John Sulston, Nobel-winning scientist, dies
John Sulston, a scientist who won the Nobel Prize for work on one of the lowliest of nature’s creatures, which provided insights into the genetic processes by which human beings develop, and who also led the British effort to decode the human genome, has died at 75.
The Wellcome Sanger Institute, which succeeded a genome research organization that Sulston founded, confirmed to The Associated Press that he had died but did not provide other details.
Sulston’s Nobel in physiology or medicine came in 2002 for painstaking observation of the development of every one of the thousand-odd cells of a nematode, C. elegans, a worm only a fraction of an inch in length. His research allowed him to observe the operation of genes, as cells are created and die off.
He shared his Nobel Prize with Sydney Brenner and H. Robert Horvitz for “their discoveries concerning genetic regulation of organ development and programmed cell death.”

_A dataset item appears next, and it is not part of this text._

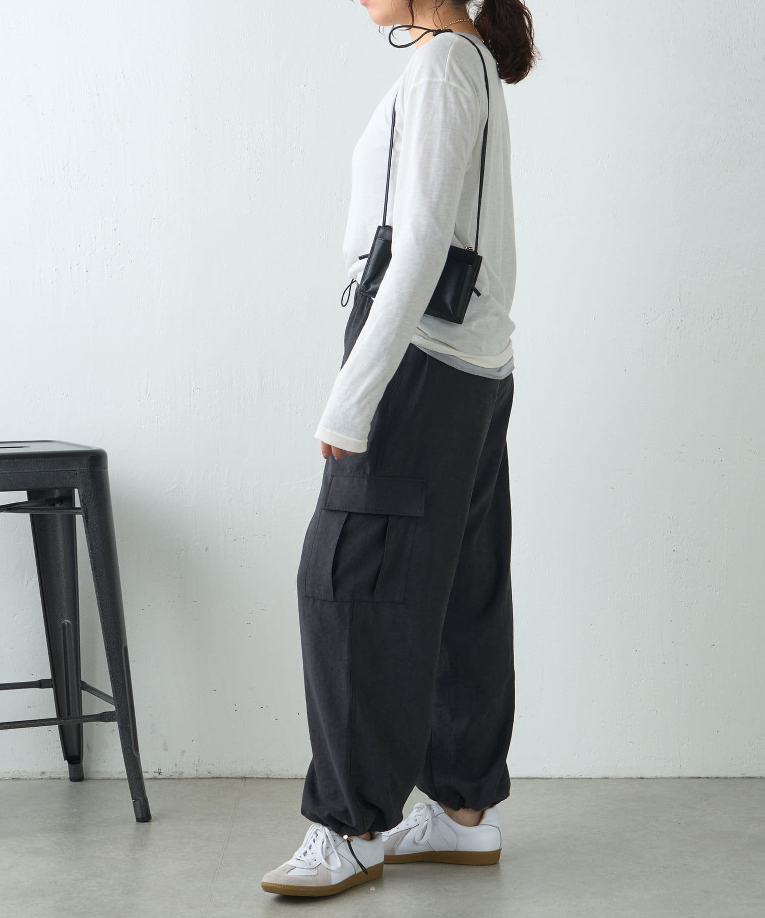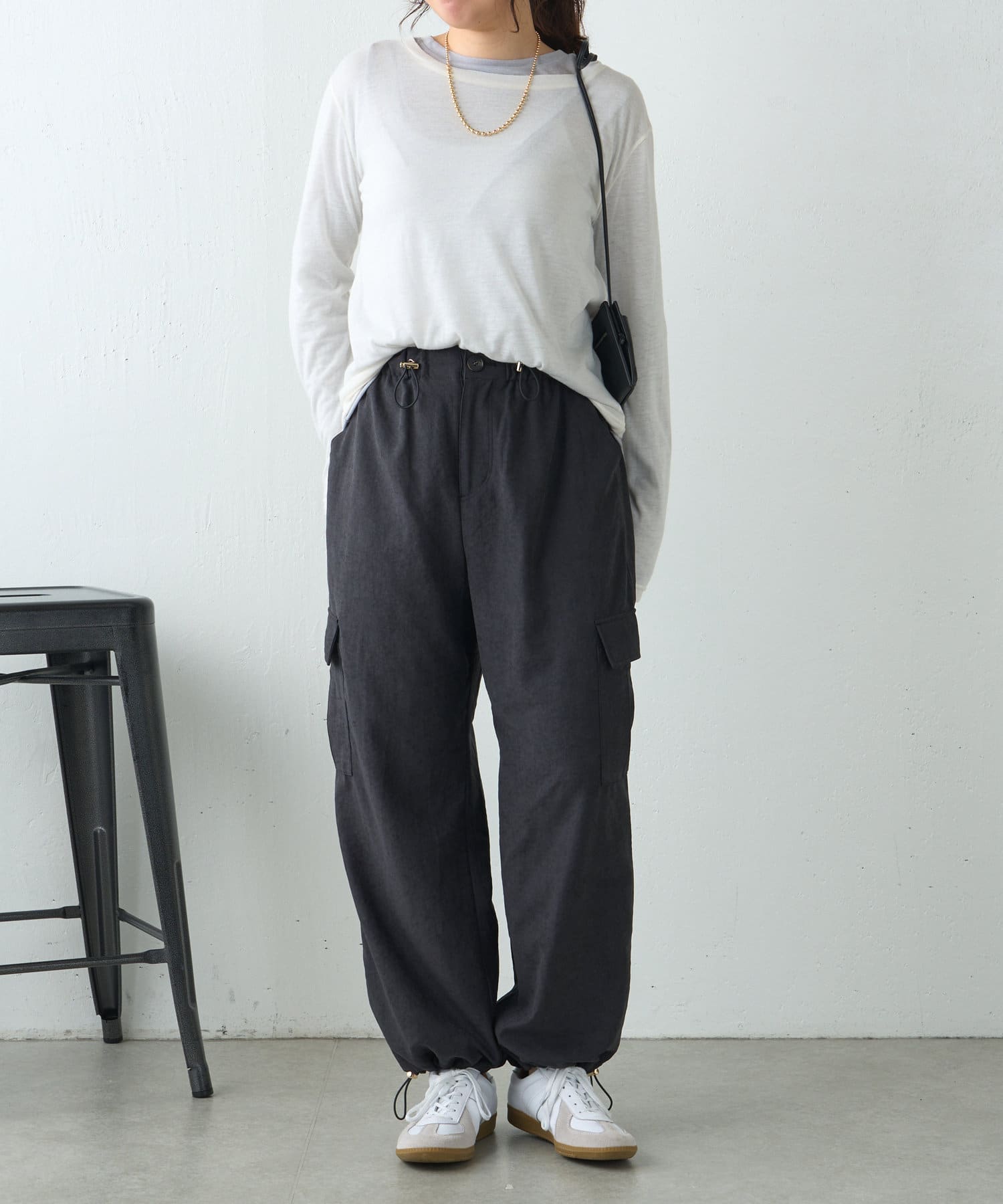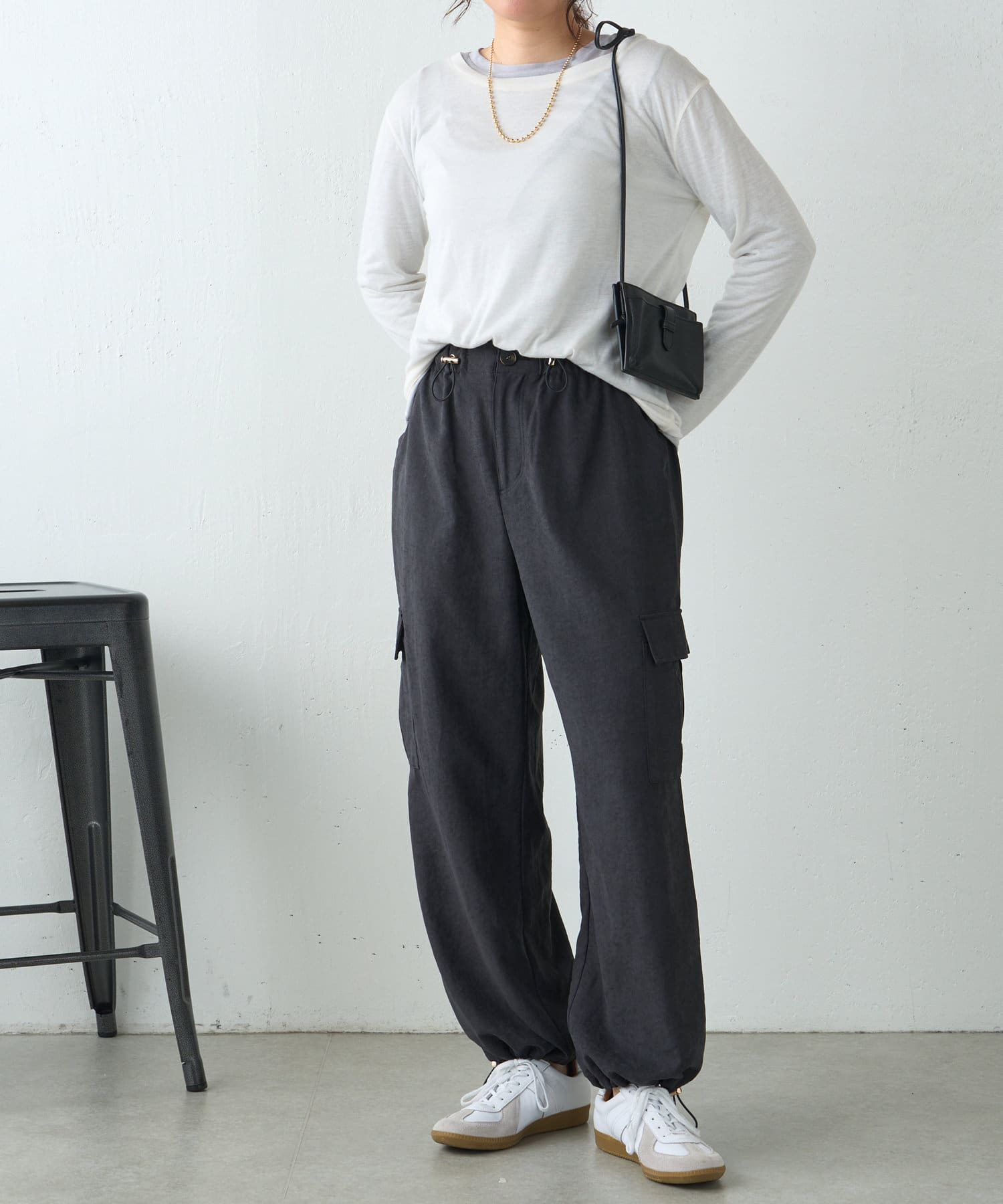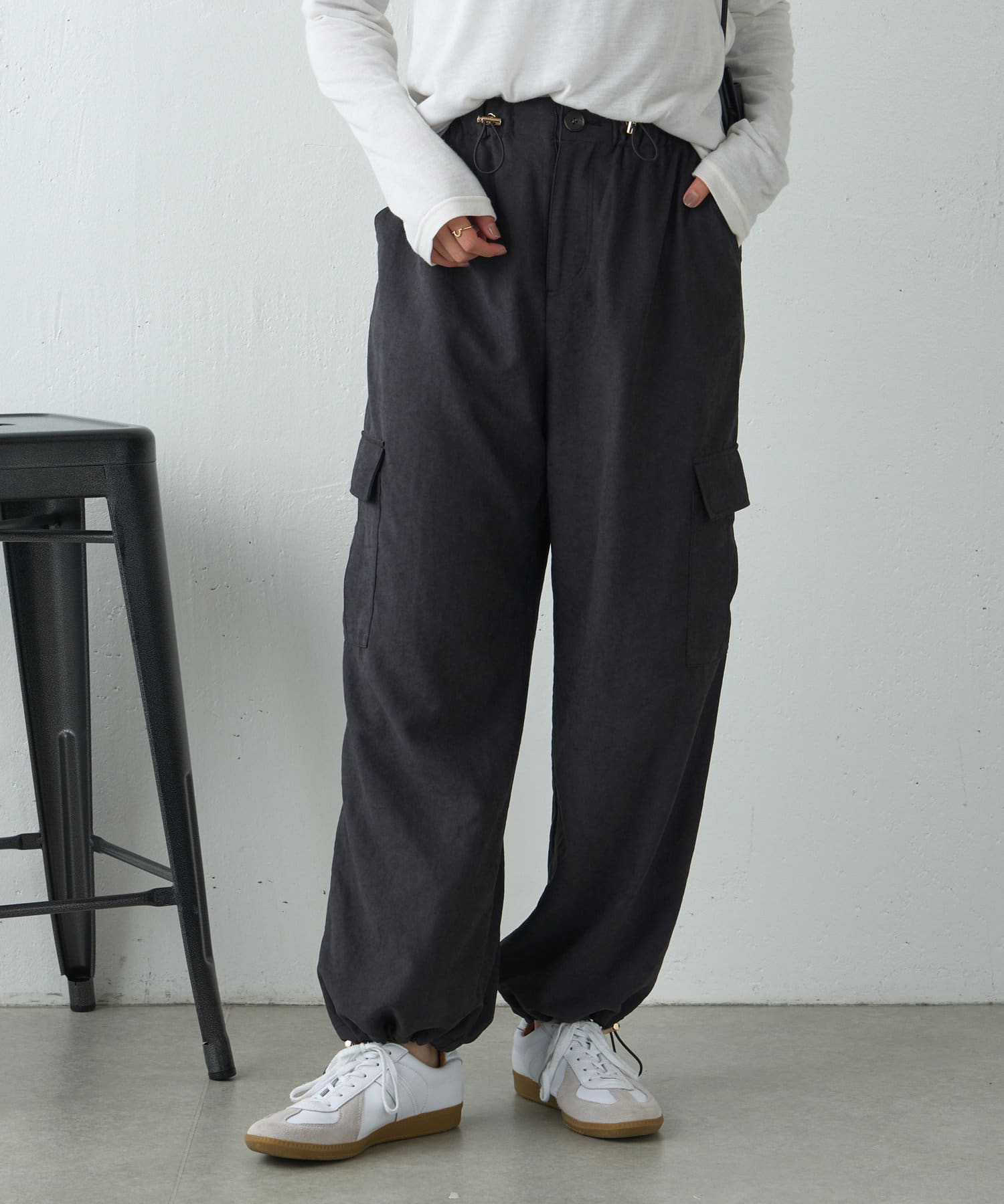 ・トレンド感のあるパラシュートパンツに、少し起毛感のあるピーチスキン素材が登場。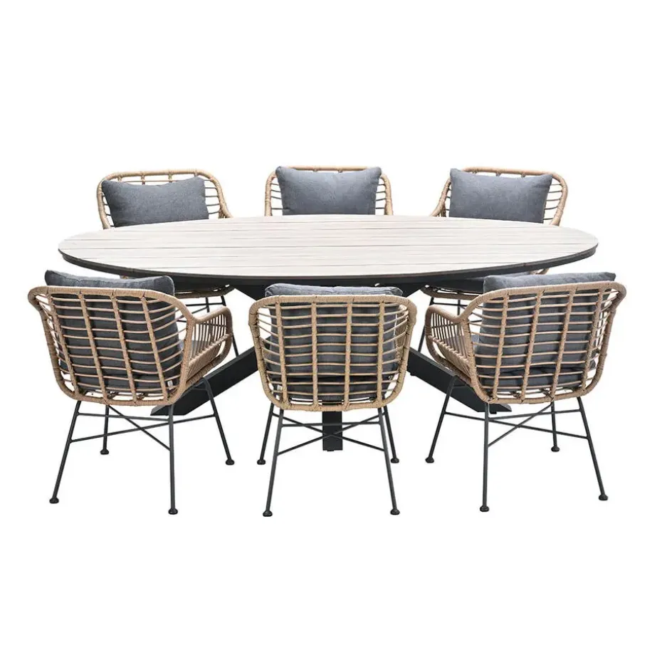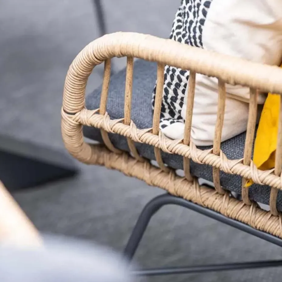 De Tulli tuintafel is een aluminium tuintafel met hout kleurig vironwood. De Lucas dining fauteuil is vervaardigd uit een onderhoudsvrij aluminium frame met daaromheen hoogwaardige kwaliteit natural kleurig vlechtwerkdraad. Deze combinatie zorgt gegarandeerd voor een kwalitatief hoogwaardige dining fauteuil. De poten van de relax fauteuil zijn gemaakt van e-coated staal. Dit is een stevige coating die via elektronisch geladen verfdeeltjes is aangebracht.

Sulston’s research was a prodigious single-handed effort, requiring long and lonely hours peering through a special microscope. His work is said to have applications to human disease, including cancer.
Devoted to laboratory work as he had been for many years, Sulston remained off the field of combat over the applications of science and of how major research enterprises should be conducted.
He strongly favored making scientific findings available to the public, for the common good, rather than see them as the property of corporations.
“He had a burning and unrelenting commitment to making genome data open to all without restriction and his leadership in this regard is in large part responsible for the free access now enjoyed,” Mike Stratton, the Wellcome Sanger Institute’s director, said.